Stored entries
****************

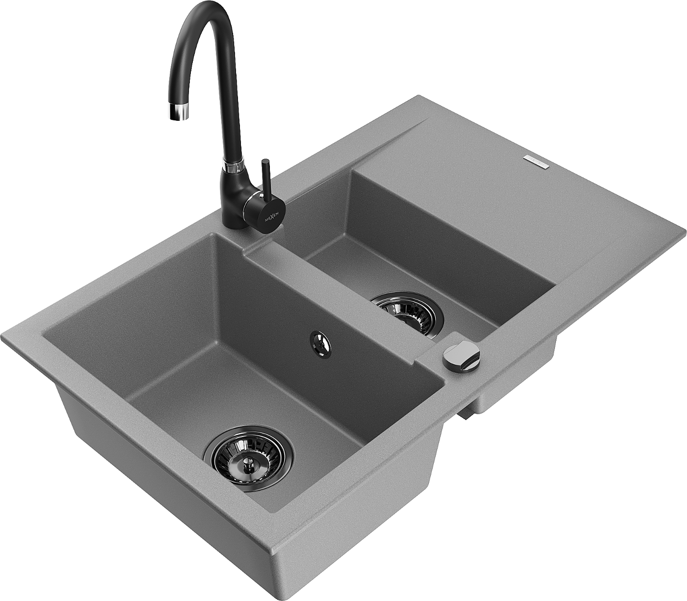 Mexen Gaspar zlewozmywak granitowy 1,5-komorowy z ociekaczem i baterią kuchenną Telma, szary - 6507-71-670200-70-B
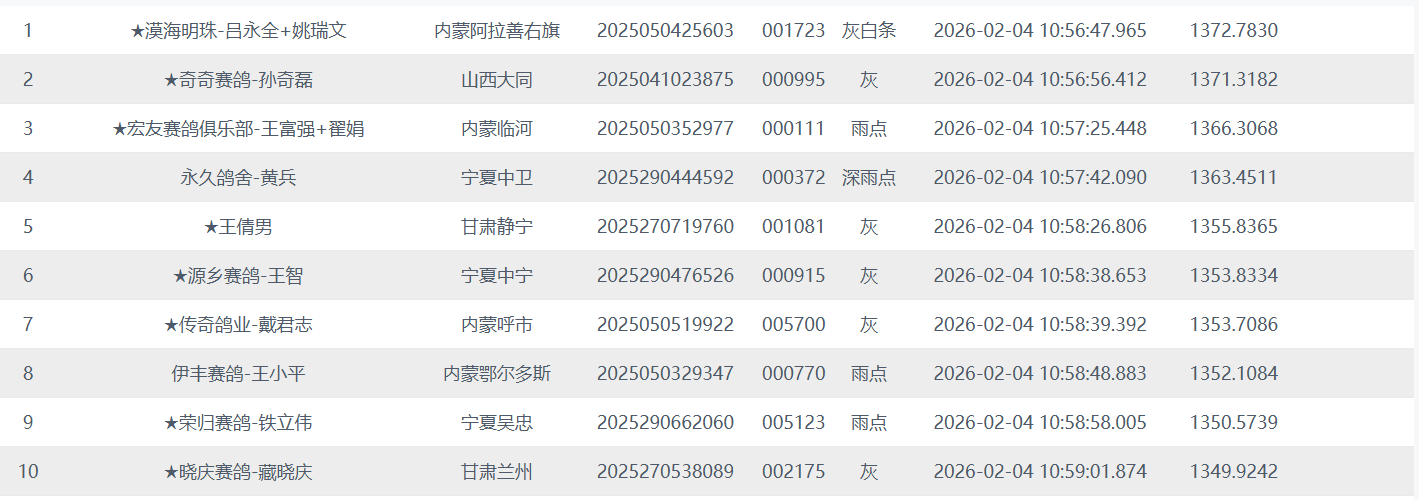 2个多小时后,第一梯队陆续归来。来自★漠海明珠-吕永全+姚瑞文的2025050425603灰白条报进,以1372.7830米/分的速度拿下冠军。接着,★奇奇赛鸽-孙奇磊的2025041023875灰鸽报进,以1371.3182米/分的速度获得亚军;★宏友赛鸽俱乐部-王富强+翟娟的2025050352977雨点报进,以1366.3068米/分的速度摘得季军。
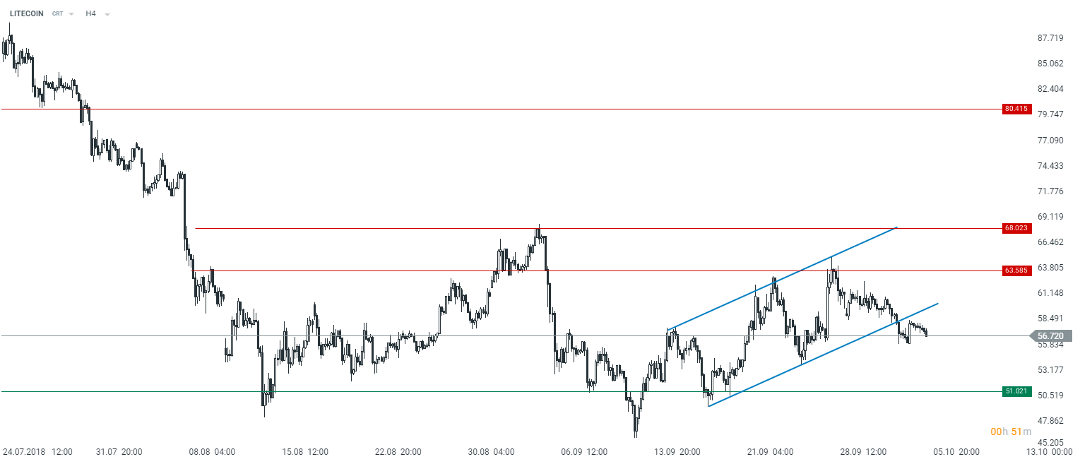A diferencia de Ethereum, el precio de Litecoin ha estado cayendo en las últimas horas. Como resultado, el precio se movió a través del límite inferior del canal ascendente. Por lo tanto, parece razonable esperar que el precio continúe moviéndose hacia abajo, incluso hacia los 51 $, donde podría localizarse el primer soporte más notable. ¿Qué tendría que pasar para cambiar esta dirección? Parece que el precio tendría que volver al canal de nuevo y luego intentar superar los 63 $. Dicho esto, parece el escenario menos probable por el momento. Note que los alcistas ya intentaron hacerlo pero fallaron y luego los vendedores comenzaron a prevalecer nuevamente. Fuente: xStation5
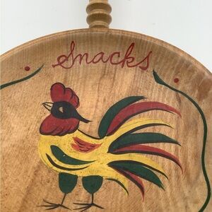 Adorable vintage wood snack dish with hand painted rooster and a handle for hanging. Made in Japan. Pre-owned, vintage condition.
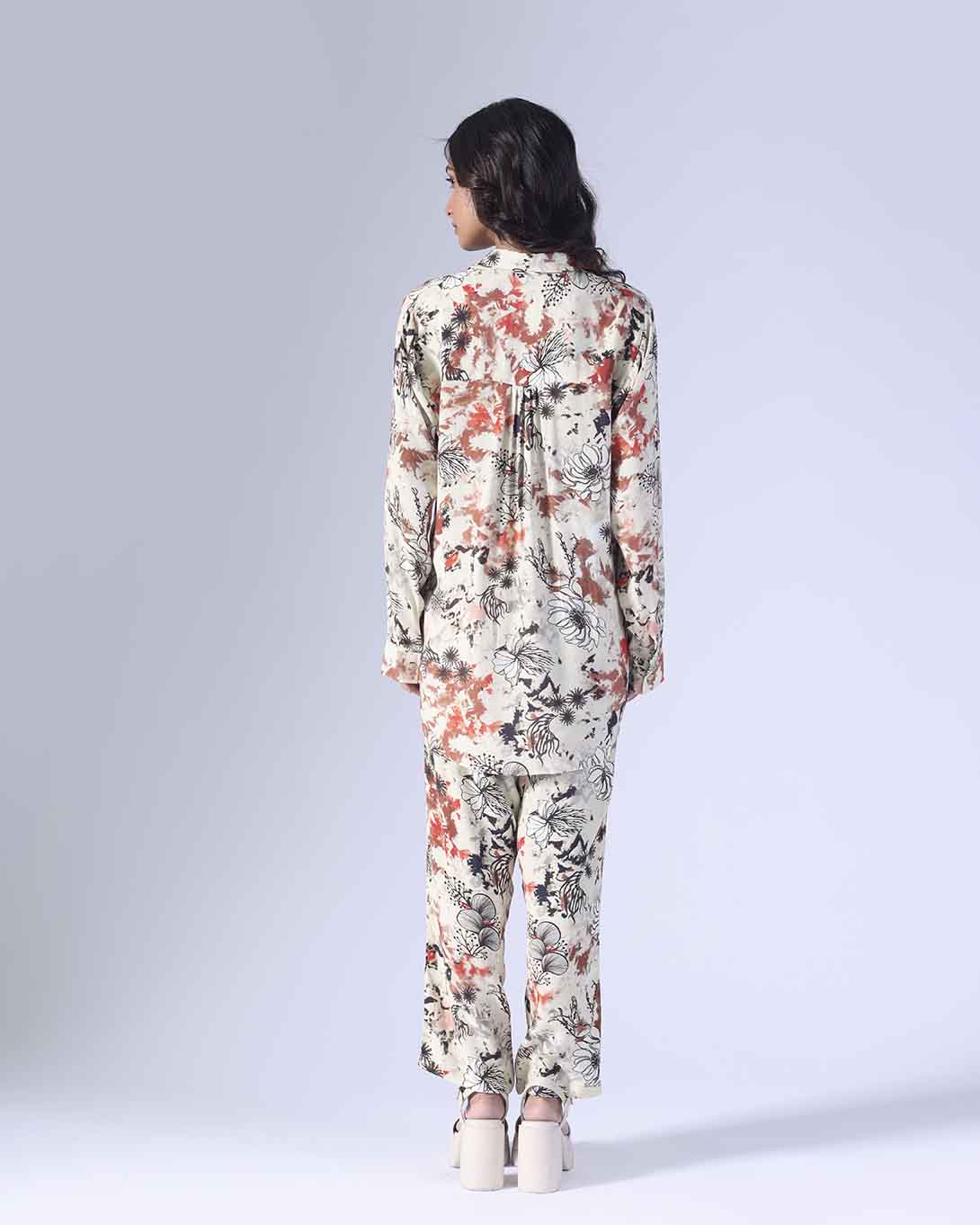 Printed co-ordinated set. Sold as a set of 2. Shirt with full cuff sleeve, with front buttons. Back with thin pleats. Pants with pocket and back elastic. Zip fly fastening with a single hook opening on one side. Mid rise. Regular fit.
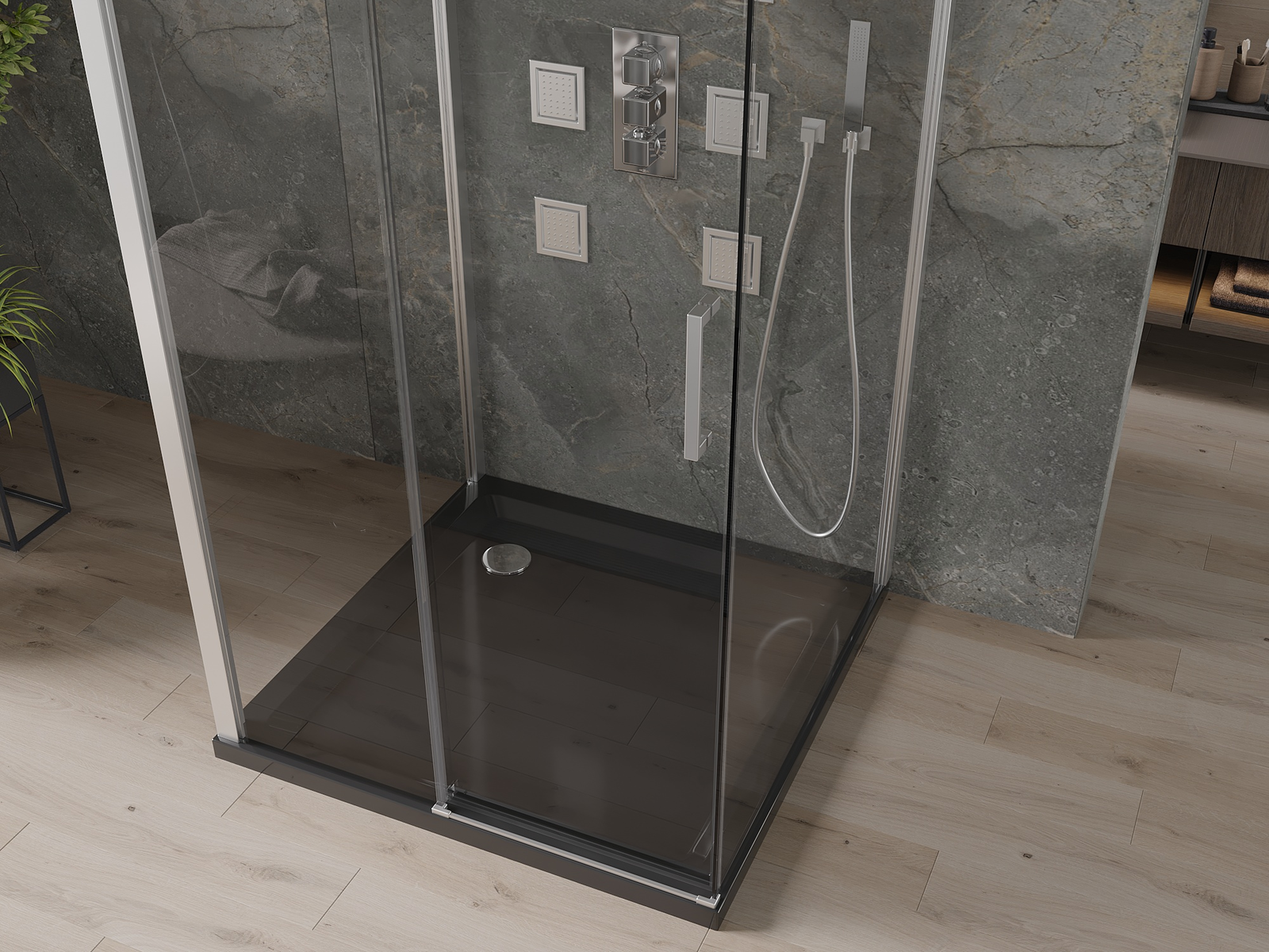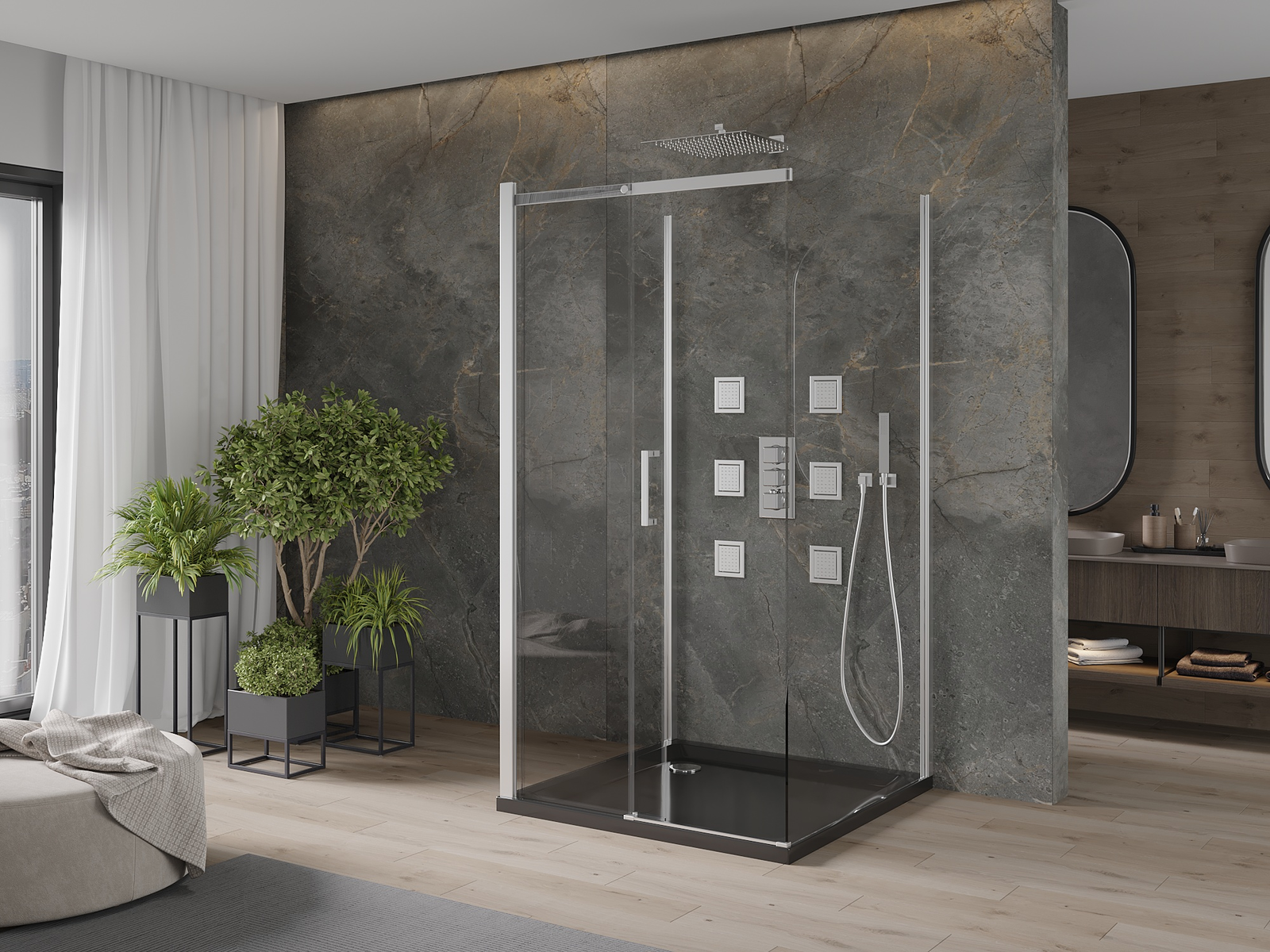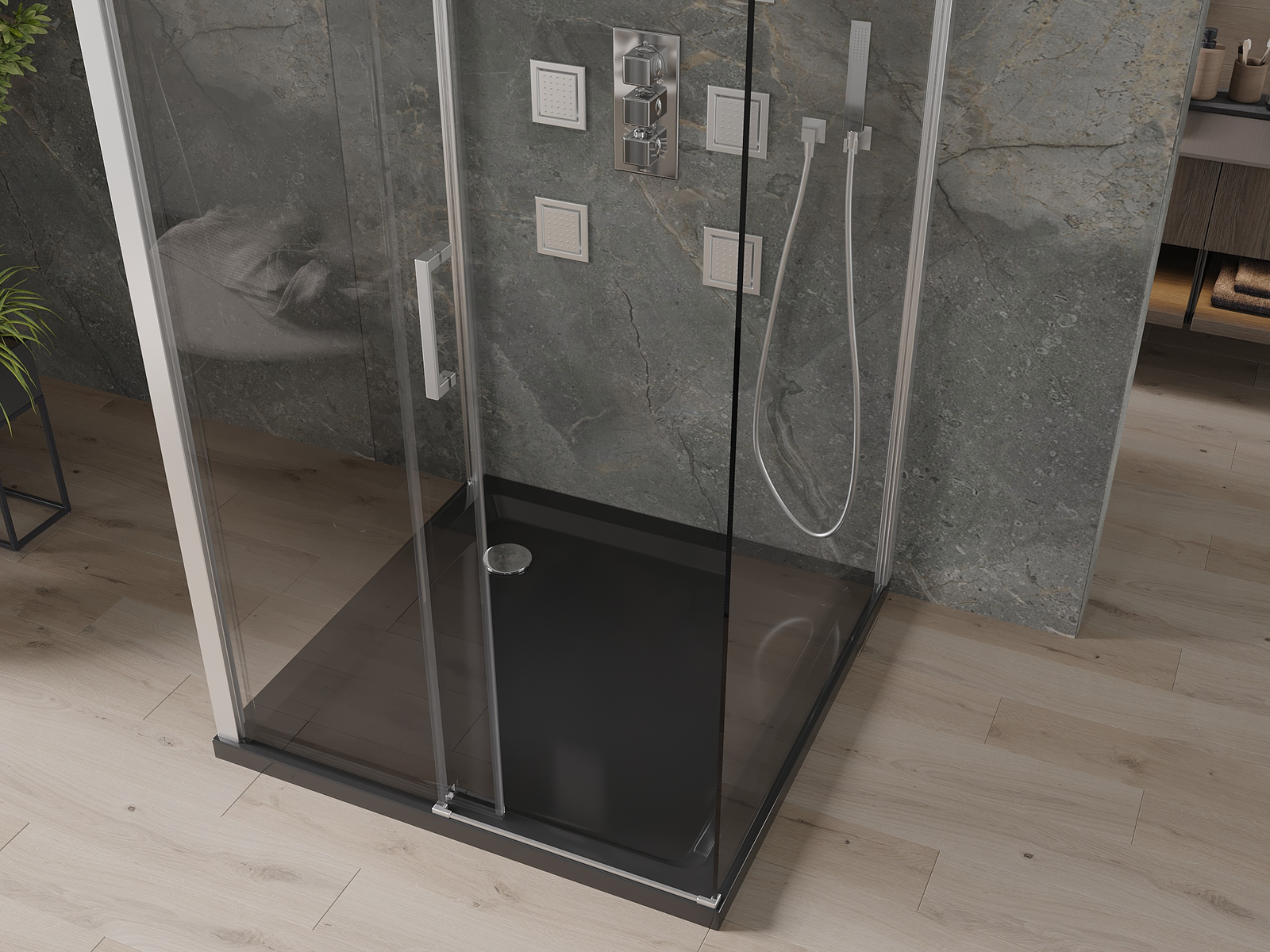 Mexen Omega-3S yra šiuolaikiška, trijų sienų dušo kabina, kurios dydis 100x100 cm, su stumdomomis durimis. Dėl universalaus montavimo ir 8 mm storio, skaidraus, grūdinto stiklo su chromuota apdaila, puikiai prisitaikys prie bet kurios vonios. Turi aliuminio profilį, dangą, palengvinančią valymą, metalinį rankenėlę ir surinkimą vandens nuvedimo tarpiklių komplektą. Aliuminis durų sandarinimo slenkstis ir plotis reguliuojamas, tai įvertins visi naudotojai. Flat padėklas, dydžio 100x100x5 cm, pagamintas iš juodo sanitarinio akrilo, Slim tipo ir su chromuota kiušte apdaila, sudaro visumą, garantuojantį tvirtumą dėl sutvirtinto dugno. Abi komplekto dalys užtikrina aukščiausią kokybę dėka dvigubų ratukų, o įmontuotas sifonas palengvina valymą. Ideali pasiūlymas žmonėms, vertinantiems funkcionalumą ir estetiką.
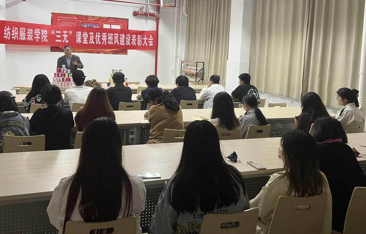 纺服学院党总支书记段七零作总结发言,勉诫同学们“三无”课堂及优秀班风的建设是为了更好地赋能同学们成长成才,对同学们提出了殷切希望,希望同学们能够做好个人发展规划,为将来的学历提升及就业做好布局,让自己的人生走向新的篇章。
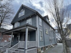Byggmeister started our first phase of work in 2021. Picking up where MassSave left off, we focused on improving the top and bottom of the building envelope. In the basement, we insulated the fieldstone foundation walls with spray foam and installed new windows. Their unusually high basement ceilings allowed us to also lay down foam board insulation and painted subfloor panels over the existing slab. On the top floor, we removed one unused chimney down to below the third floor and insulated the roofline from the exterior walls up to the vented attic cap.

****************

# [WORK ORDER]
Every line from the one with "纺服学院党总支书记段七零作总" through the end of the records is to be reproduced exactly, and the pictures are to be left out.

# [RESPONSE TO THIS EXERCISE]
 纺服学院党总支书记段七零作总结发言,勉诫同学们“三无”课堂及优秀班风的建设是为了更好地赋能同学们成长成才,对同学们提出了殷切希望,希望同学们能够做好个人发展规划,为将来的学历提升及就业做好布局,让自己的人生走向新的篇章。
Byggmeister started our first phase of work in 2021. Picking up where MassSave left off, we focused on improving the top and bottom of the building envelope. In the basement, we insulated the fieldstone foundation walls with spray foam and installed new windows. Their unusually high basement ceilings allowed us to also lay down foam board insulation and painted subfloor panels over the existing slab. On the top floor, we removed one unused chimney down to below the third floor and insulated the roofline from the exterior walls up to the vented attic cap.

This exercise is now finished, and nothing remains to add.